Ontario’s recent decision to move to an open licensing model for its marijuana retailers is a positive move for pot equities, but not one that will send them back to the euphoric heights of six months ago, according to one leading cannabis analyst.
Nawan Butt, the associate portfolio manager for Purpose’s Marijuana Opportunities Fund, thinks that the move will remove the largest roadblock to the marijuana industry’s growth in Canada: retail availability in the largest province. At the same time, he thinks this is a move that markets saw coming and one that won’t fundamentally change the picture for Canadian pot equities. Those looking for bigger growth numbers should look offshore, especially in the US, where Butt sees momentum changing in a big way.
“The big problem with Canadian licensed producers (LPs) right now is that they have too much product and too little market,” Butt told WP.
“If you take a look at how much we are producing versus how much we are consuming, there's a major imbalance. This will help correct that imbalance although it's not as aggressive as some in the market might have expected to be still a very good positive move, and helping Canadians moved towards getting better access to legal cannabis.”

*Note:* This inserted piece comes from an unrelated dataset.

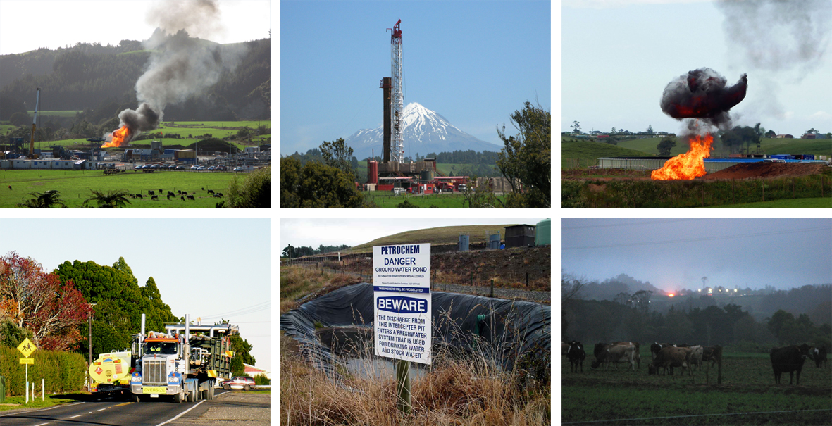 When asked what it’s like living there, she said “My photos tell the story of living in Tikorangi gas lands.” She called her photo taken on 29 Dec 2014 (top right of collage) of Mangahewa-E wellsite, “Todd Energy’s genie out of the flare pit.”  Fiona Clark, 3 Jan 2015

Butt cites a recent StatsCan paper that showed Ontario to be the worst-serviced province by legal cannabis channels. Ontario’s old, limited, system where licences were given out by lottery was widely criticized. Butt thinks Ontario became a “whipping boy” for markets disappointed with the production-consumption imbalance in the province.
Under the new system, the Alcohol and Gaming Commission of Ontario (AGCO) will award roughly 20 new licences per month, with no cap on the total number in the province. They’ll be given out on a first-come, first-served basis, akin to Alberta’s system
“I think it's a marginal improvement,” Butt said. “I don't think it's a structural shift that would absolutely change everything.”
Butt is looking south instead of focusing on news from Ontario. Purpose’s Marijuana Opportunities Fund is betting on US marijuana equities based on new recreational cannabis programs rolling out in Illinois and Michigan, as well as potential legalization by ballot issue in Florida, New Jersey, and Pennsylvania. He thinks that US companies are still trading at a discount to Canadian LPs because of continued federal illegality and lack of access to capital markets.
“We've been taking a look at growth in Canada being limited by Ontario,” Butt said. “Now that that is over. Where does the next chapter of growth come from? It’s very important to start taking a look internationally, especially at those geographies where momentum is rapidly changing. We think the US is really the next avenue of growth.”